In his paper, to be published in The EMBO Jorunal, Dr Surralls describes how proteins of the Fanconi/BRCA pathway recognise the presence of genetic mutations in order to repair them. The researchers also found that alteration of this mechanism makes tumour cells much more sensitive to certain drugs. This discovery will make it possible to develop strategies to make tumours more vulnerable to chemotherapy.
One of the main mechanisms responsible for repairing mutations in humans is the cancer-suppressing Fanconi anaemia/BRCA pathway. This mechanism makes it possible for the cells to identify genetic mutations in order to correct them.
If this mechanism does not function correctly, it leads to Fanconi anaemia, a rare genetic disorder characterised by progressive bone-marrow failure, various congenital malformations and a very high risk of cancer.
Furthermore, the proteins of this pathway are largely responsible for the resistance of tumours to many antitumour agents such as cisplatin and other chemotherapeutic agents that kill tumour cells by producing DNA interstrand crosslinks.
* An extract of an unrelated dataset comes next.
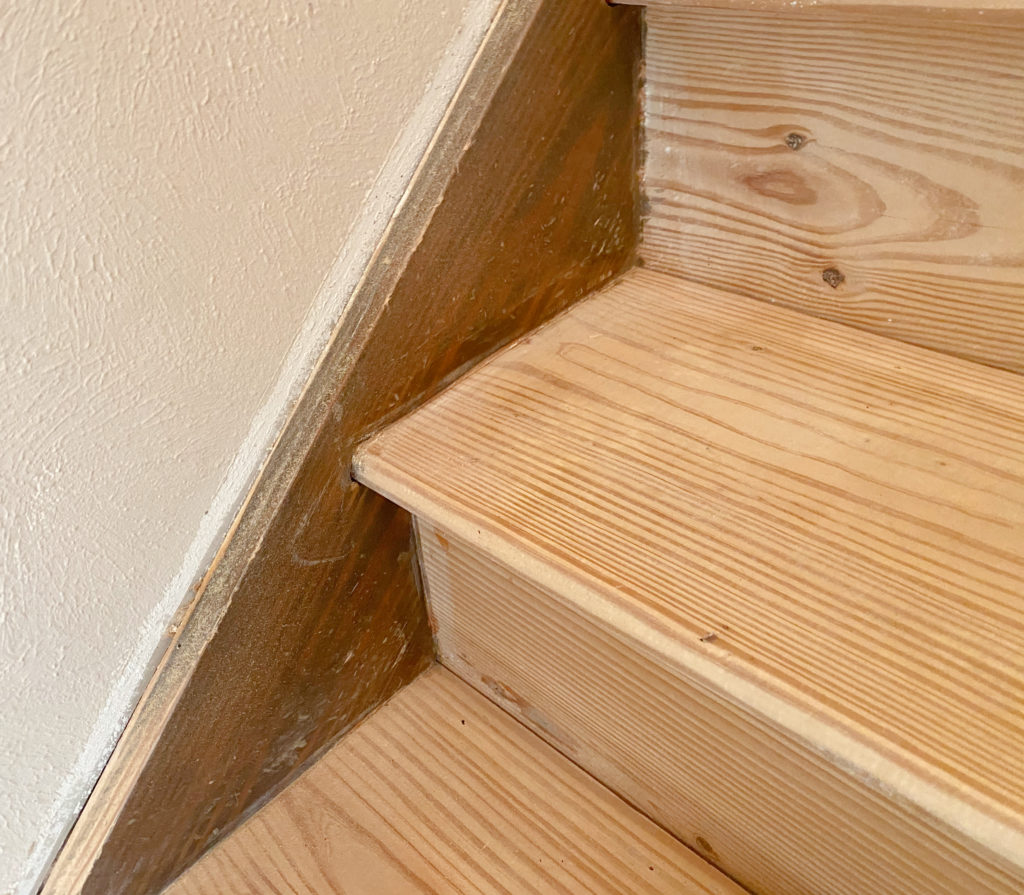 I did not sand everything perfectly. While I was originally going to refinish the stairs, the plan was always to repaint the stringers a nice white color.

That is, they identify cellular alterations induced by chemotherapy and correct them, "accidentally" helping the tumour.
Many tumours have molecular anomalies in this pathway. These defects mean the tumours can be treated efficiently using certain antitumour agents. There are at least 13 genes involved in the pathway. Three of these (BRCA2, BRIP1 and PALB2) are responsible for the high proportion of hereditary breast cancers (between 5 and 10% of all breast cancers).
Understanding how this DNA repair pathway works is of great interest to biomedicine, not only for Fanconi anaemia patients, but also for the general cancer population, since it determines the the efficacy of chemotherapy in treating many tumours. However, the involvement of 13 genes in the same pathway makes the study more complexed.